Monday, February 02, 2004

CONGRATULATIONS, PATRIOTS
There was a great Super Bowl last night. New England beat Carolina 32-29 at the last minute. It almost became the first Super Bowl ever to go into overtime. Paul Wassenich and I were rooting for Carolina, which made an impressive comeback to tie the game with one minute to go after being down 21-10. A few spectacular plays! But the field goal finished them off with four seconds left. Still, great game.

WORLD SOCIAL FORUM continued...
It seems that the gathering is attracting a lot of Dalits, the Indian caste we usually call untouchables. The Dalit presence is illustrative of something, namely it is a problem that is clearly not a result of "the system" (of global capitalism, that is). This injustice is rooted in ancient Indian traditions. India's traditions have remained much more intact than those of China, which was swept by a Communist revolution.

Subversive thought of the day: does Communism work? It sounds absurd after the Soviet bloc stagnated economically and collapsed, and grotesque after the tens of millions murdered or starved by Stalin and Mao. But things are different now: now, China and Vietnam are the world's fastest-growing economies. Of course, it's conventional to say that that's because they're really just capitalist now, but that's not quite right. If capitalist, they practice a very eccentric form of capitalism. And the political system is still Communist, and you can't act like Communism is part of it. Maybe the most fitting label would be Communist capitalism, and the response to those who say this is contradictory is that China is proving that it is not. Anyway, what are the traits of Communist capitalism. First, bloody revolution to put an end to feudalism and unproductive, hereditary inequality. Second, a strong state (not likely to be secured by democratic procedures) led by a disciplined party. Third, an instrumental approach to property rights: respect them enough to give people an incentive to work hard, but don't make them sacred or absolute. Fourth, real economic sovereignty, meaning no freely convertible currency. Of course, all this would contradict the WSF's commitments to "real democracy" and the absence of "domination." But any remote realizable program will have be less quixotic than the Charter or Principles. I wouldn't put it past them.

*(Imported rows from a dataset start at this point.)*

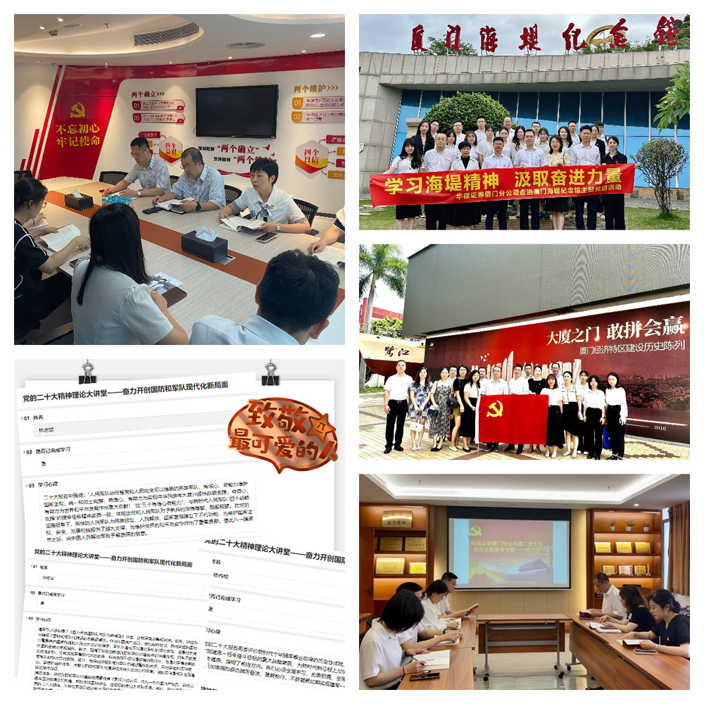 3.打造丰富形式学。厦门分公司各党支部通过“走出去”开展多种形式学习,组织走进厦门海堤纪念馆、华侨博物馆、厦门经济特区纪念馆等地参观学习,接受精神洗礼和思想锤炼;组织前往兴业银行厦门分行党群活动中心观摩交流,汲取先进党建经验;组织参加虎溪社区党委举办的学习党的二十大精神培训班,引导党员干部乐学、善学、活学,不断增强理论学习成效。
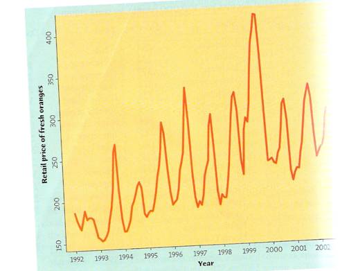 Figure 1.13 (below) is a time plot of the average price of fresh oranges each month during the decad
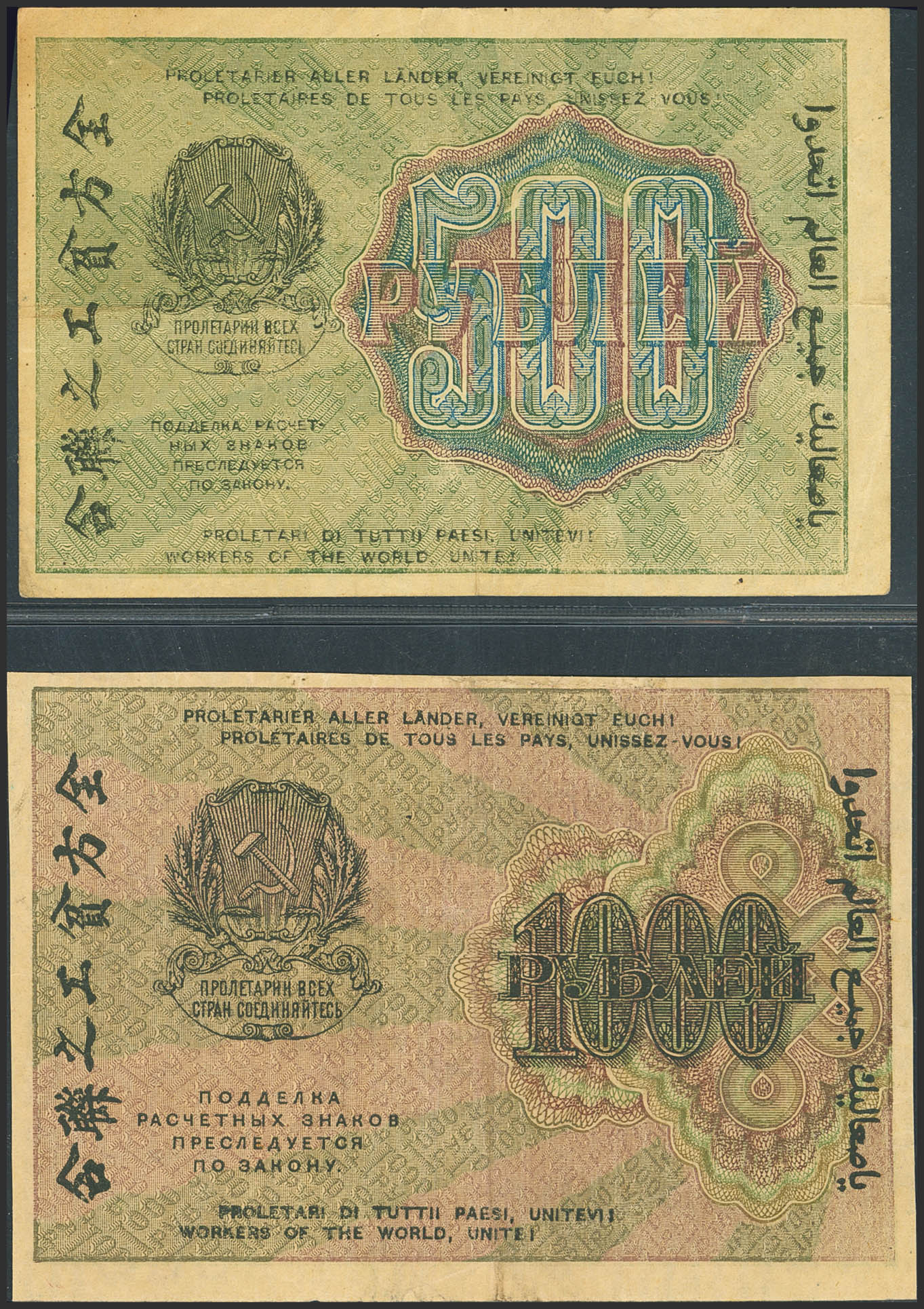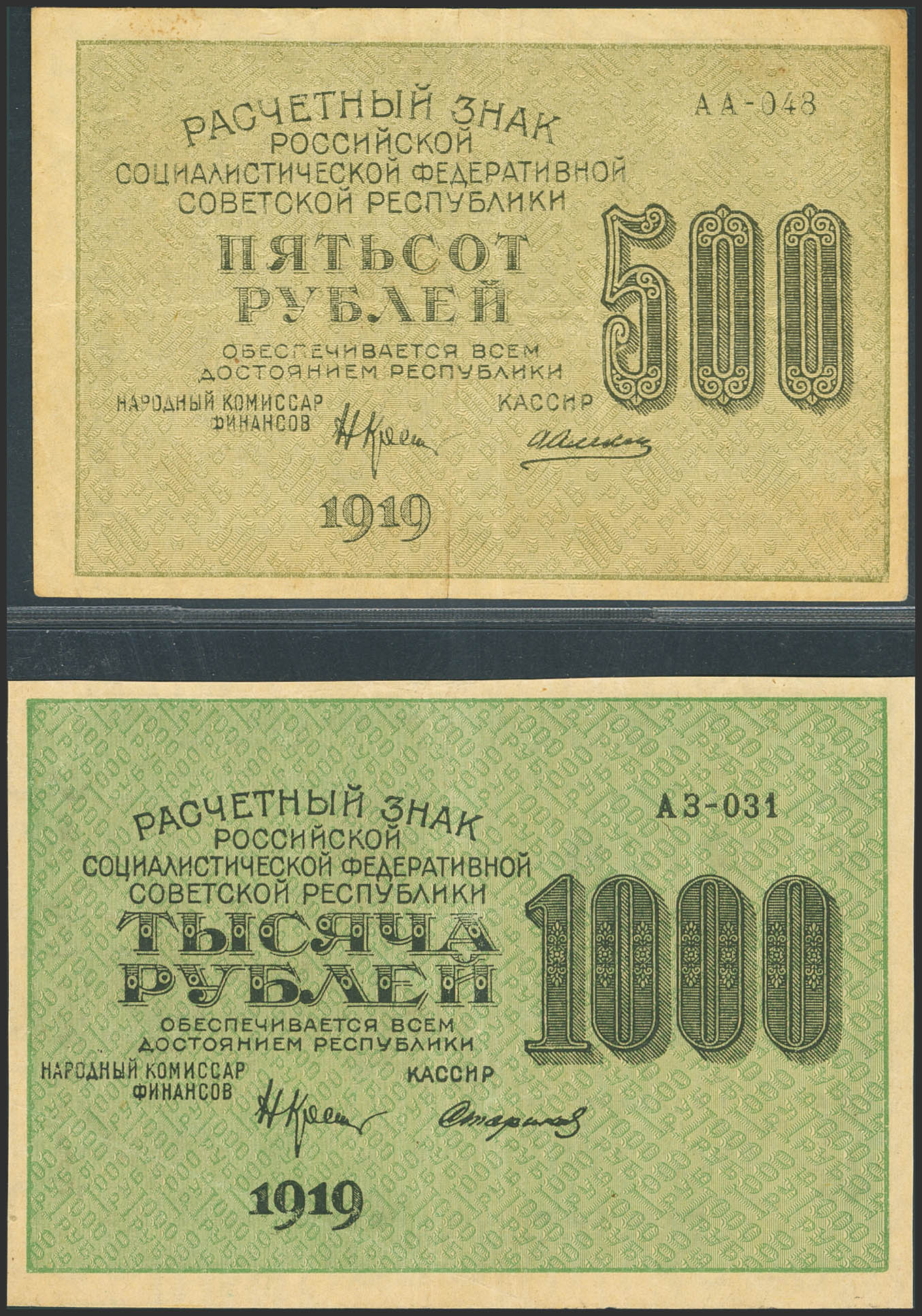 RUSSIA-RSFSR. Lot of 2 notes of 500 and 1000 Rubles. 1919. Narodniy Komissariat Finantsov. (Pick: 103a, 104a). More than Very Fine and More than Extremely Fine.
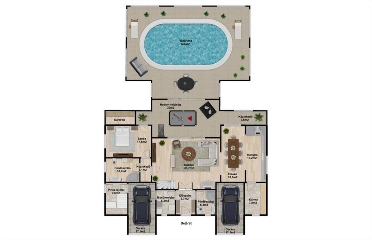 - wellness részleg: 140 m2
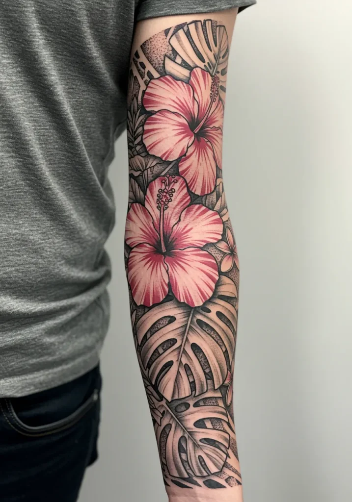 This forearm sleeve tattoo pairs soft pink hibiscus blooms with bold blackwork monstera leaves for a tropical-meets-modern look that totally stands out. The flowers are shaded delicately in pinks and peaches, while the surrounding leaves use heavy dotwork and fine line detailing for that dramatic depth. It s the perfect balance between softness and structure, and the wraparound flow of the design makes it feel seamless and intentional.
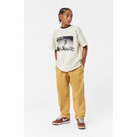 Ockerfarbene Hose aus Öko-Baumwolle mit einem elastischen Bund und einem inneren Zugband. Die Hose ist mit Seitentaschen ausgestattet und hat eine lockere Passform.
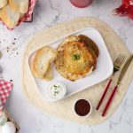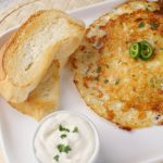 -Serving plate mein fried potatoes,fried cheese egg,hara dhania & hari mirch dal dein,French bread,sour cream & chilli garlic sauce ka saath serve karein!
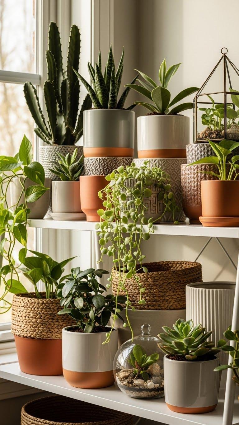 If you want your shelves to feel alive, layer plants in decorative pots that echo the room’s textures and tones. You’ll mix sculptural succulent arrangements with airy trailing pothos, pairing matte ceramics, woven baskets, and glass terrariums.

Here's an interview with a group participating in WSF (I think). Still old-style opposition to "globalization." Yawn. But seriously, it's disturbing that people still think that opposing imperialism and advocating democracy is a coherent point of view. For decades, the spread of democracy has taken place mostly under the aegis of either British or American power. These people will remain stupid as long as they keep attributing wholly bad intentions to the US, the IMF, and the World Bank. That is just not the way the world is, and efforts to make sense of the world with those assumptions will, like Marxism, fail.